This cast, with the the exception of Davone Tines, performed at the premiere of the work by the New York Philharmonic, and it will also be getting airings at co-commisioners, in Rotterdam, Barcelona, Bochum and Bruges. I have no doubt that the BBCSO and BBC Singers (here assisted by some enthusiastic students from the Guildhall) will have more than held their own against the other ensembles during the tour of the work. Once again I was struck by the authority and commitment that the oh so versatile BBCSO brought to the work.
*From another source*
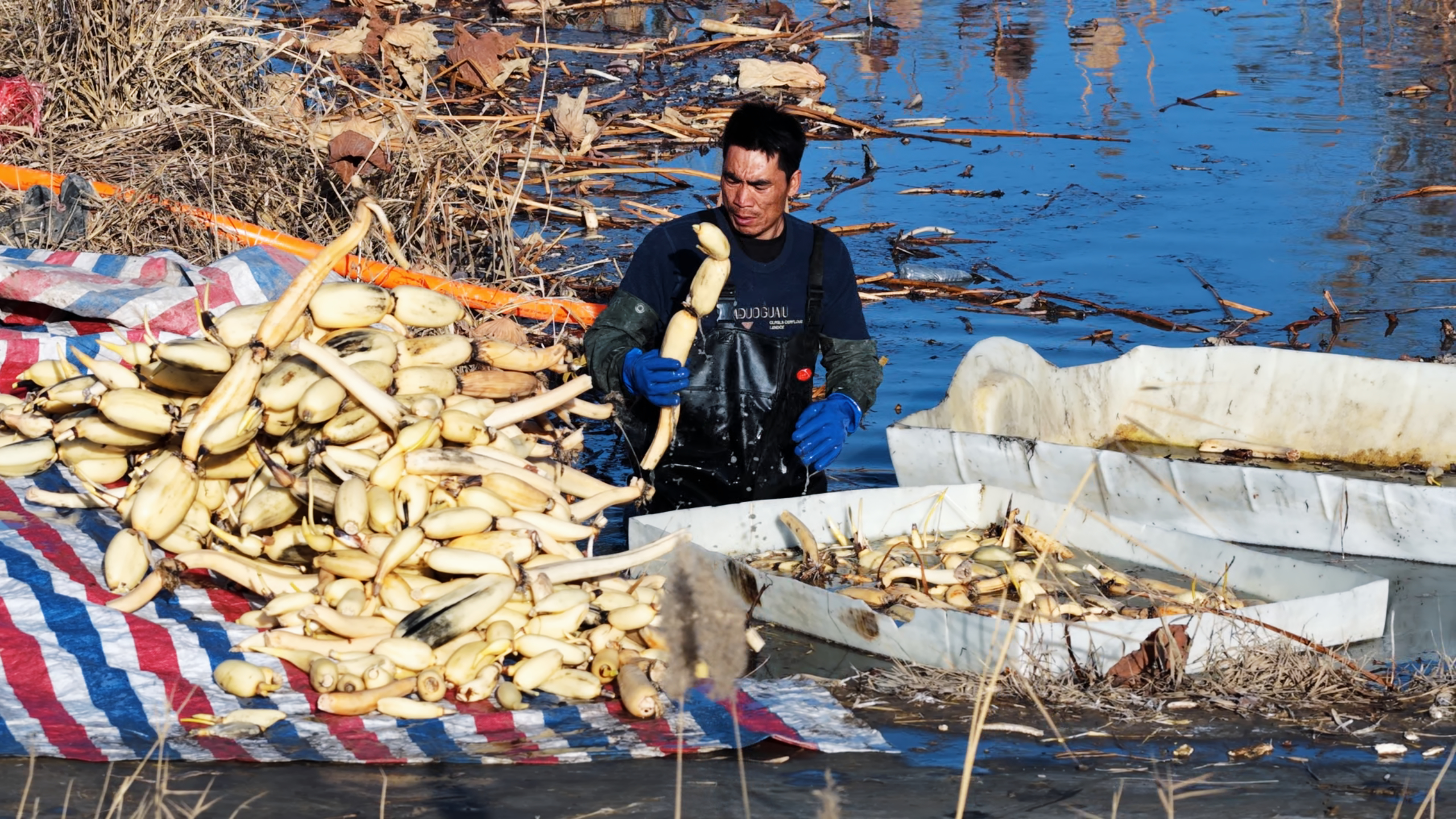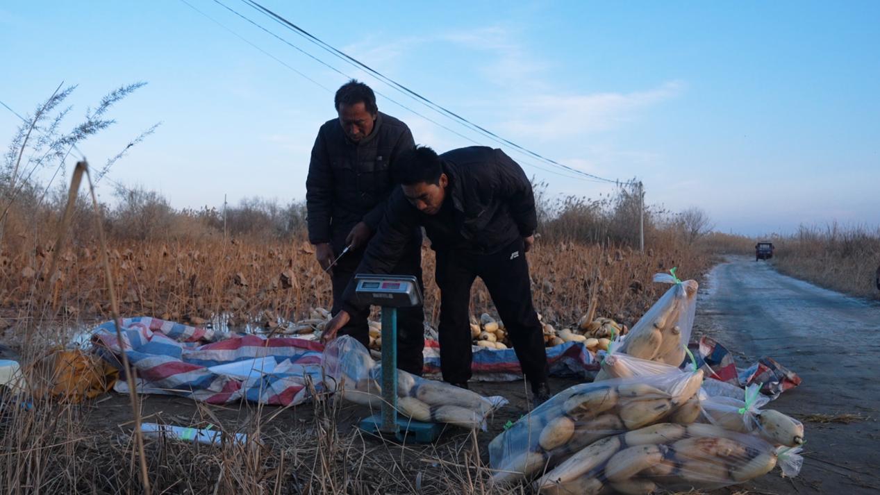 12月9日,拉力阔勒村的莲藕田里一派繁忙景象。种植户们俯身泥塘,小心翼翼地采挖新鲜莲藕,一根根硕大饱满的莲藕经冲洗、过秤、打包后,准备发往批发市场。

Measure for Measure at the Barbican Theatre review ****

Measure for Measure

Barbican Theatre, 8th January 2020

I like Measure for Measure. I find the weird cocktail of morality play and satirical “comedy” fascinating. No one comes out of it well, not even the ostensibly virtuous Isabella who goes into bat to save brother Claudio from death, but is prepared to sign off on a pretty dodgy deal to further this aim. The stench of corruption infects even the pure. This makes it a very “modern” play I guess, which is why it is getting multiple airings, with much to say, in the right hands, about the complexities of power and desire. Not quite at the top of Will’s oeuvre but certainly in the top ten. Which, for your edification, I set out below.

  1. Othello
  2. Hamlet
  3. Julius Caesar
  4. Much Ado About Nothing
  5. Richard III
  6. Coriolanus
  7. Henry VI, Part I, II, III
  8. Richard II
  9. Measure for Measure
  10. Pericles

What no Lear? Or Dream? Or Romeo and Juliet? Or Tempest? Or Twelfth Night? And Coriolanus included? And, are you mad mate, also Pericles? Well yes I like the latter’s daft fantasy travelogue, even those bits which stem from the unsubtle hand of George Wilkins, and Coriolanus strikes me as the very model of classical tragic hero, not prone to bouts of soul sharing pace Lear, Macbeth or your boy Hamlet. And the list shows pretty clearly that I like history plays. Power, politics, virtue, honour, social as well as individual psychology, the ruler and the ruled, corruption, narcissism, jealousy. These are the things that interest me. The dark side of human nature that Will explored forensically and which make many of these plays relevant to our, or any other, time. Don’t worry though. I am not a weirdo. Much Ado About Nothing is in there.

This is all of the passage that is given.